Identity For Sale

I was upstairs in the study when the letter box clapped with a thud. It sounded like the postman had pushed a block of lead through the flap. I wandered to the top of the stairs and bent down sideways to glance and decide whether the post warranted a trip downstairs or to leave it until later. Clipped by the brass letter box hung a light sky blue thin letter. With white printed text on a dark blue rectangle in all it’s glory shone the word ‘clubcard’.

I’ve never had a supermarket club card. I never felt the urge to sell my details for a few pounds discount but with my recent attempt to cutting my bills and spending I decided to give it ago; albeit in a different name. With another name they would never link my personal habits to myself and it felt fun, even if a little understated deviousness.

Last week I had prodded into google the club card phrase and filled in the form hoping there would be no need to provide any details I just wouldn’t be able to give other than a name and address. I paused and thought for a moment about the name to give and in an excitement of inspiration I was soon hitting the submit button with the promise of my own card in the post in the coming weeks.

That day was here. I hurried down the stairs like a child with the ice cream van synthetic tune ringing in her ears. I pulled the envelope and the letter box snapped shut. It was one of those fold over envelopes. You know the ones, grated edges that pull away to open the letter much like a payslip leaving you with two or three useless strips of paper. In my excitement I tried to ignore the proper ‘tear here’ instructions; but finally succumbed to the proper way when I started to tear through the internals of the letter with the white fibre flesh of paper on show.

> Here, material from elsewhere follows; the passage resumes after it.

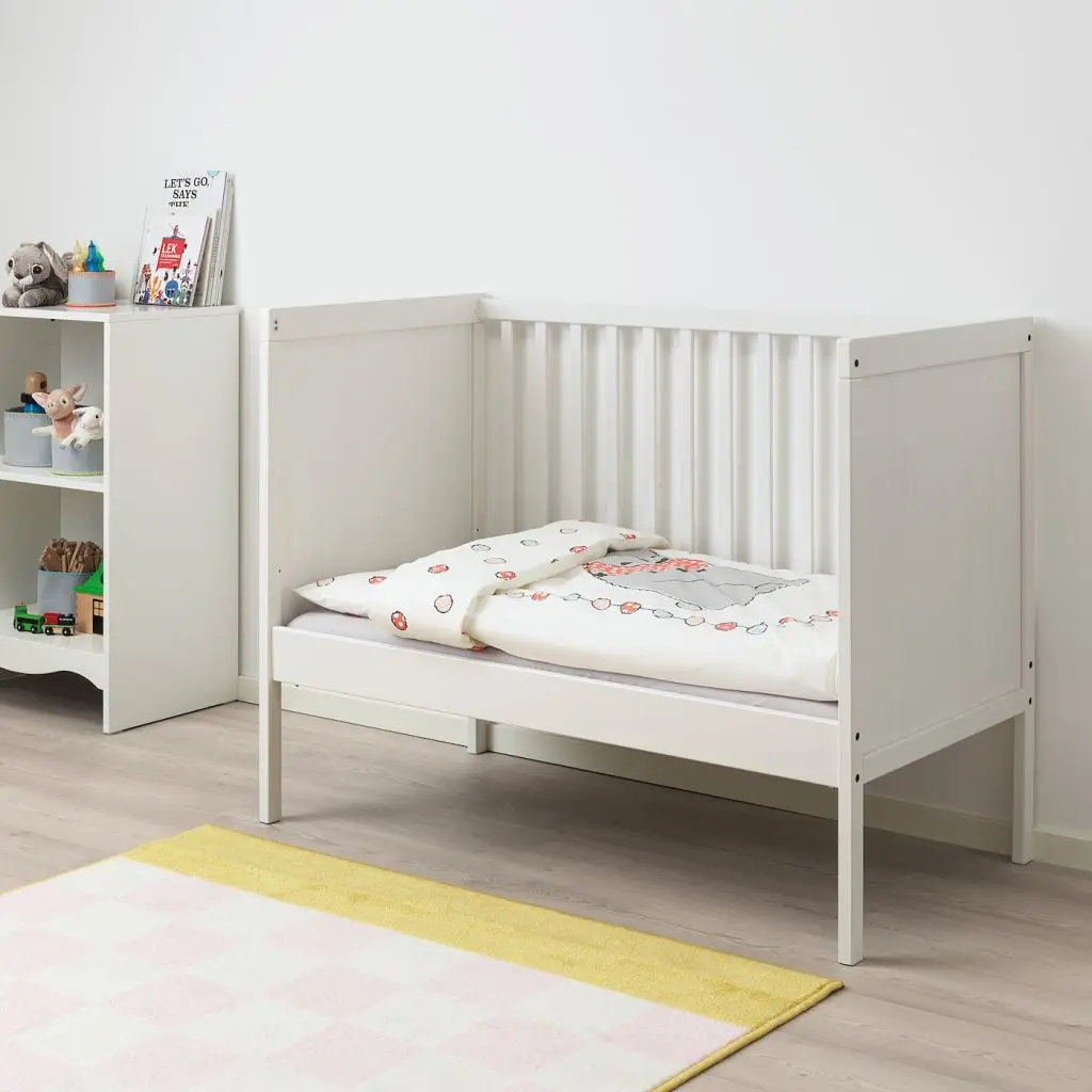 Дно кроватки можно устанавливать на двух разных уровнях.Одну боковину кроватки можно снять, когда ребенок сможет самостоятельно забираться в кроватку и вылезать из нее.Прочные материалы, из которых изготовлено днище кроватки, прошли тщательное тестирование и обеспечивают ребенку максимально комфортный и безопасный сон.Днище кроватки обеспечивает хорошую циркуляцию воздуха, что способствует созданию благоприятных условий для сна ребенка.Для безопасности Вашего ребенка используйте кроватку и матрас одинакового размера.Ничего не оставляйте в кроватке и не ставьте кроватку около предмета, который может служить опорой для ног.Не устанавливайте на кроватке крючки или ручки и не размещайте ее около шнуров, ремней, гардин и других предметов, которые могут представлять опасность удушения и удушья.Комплект для установки прилагается.Матрас и постельное белье продаются отдельно.Комбинируется с другой мебелью серии СУНДВИК.
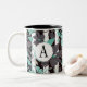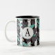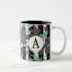 Monogramed Gray Teal Floral Stripe Pattern Two-Tone Coffee Mug

I could feel the card inside. The envelope hanging off its rigidness that shouted exactly its contents like a credit card inside a letter with Barclay Card printed in big letters on the front; hardly the height of security-sophistication. As the letter unfolded the card shone at me in all it’s domesticated boringness but polished by just one piece of information stamped permanently in on the front with a half-life of several decades and the utilitarian nature of all capital letters, ‘MISS H JAMES’.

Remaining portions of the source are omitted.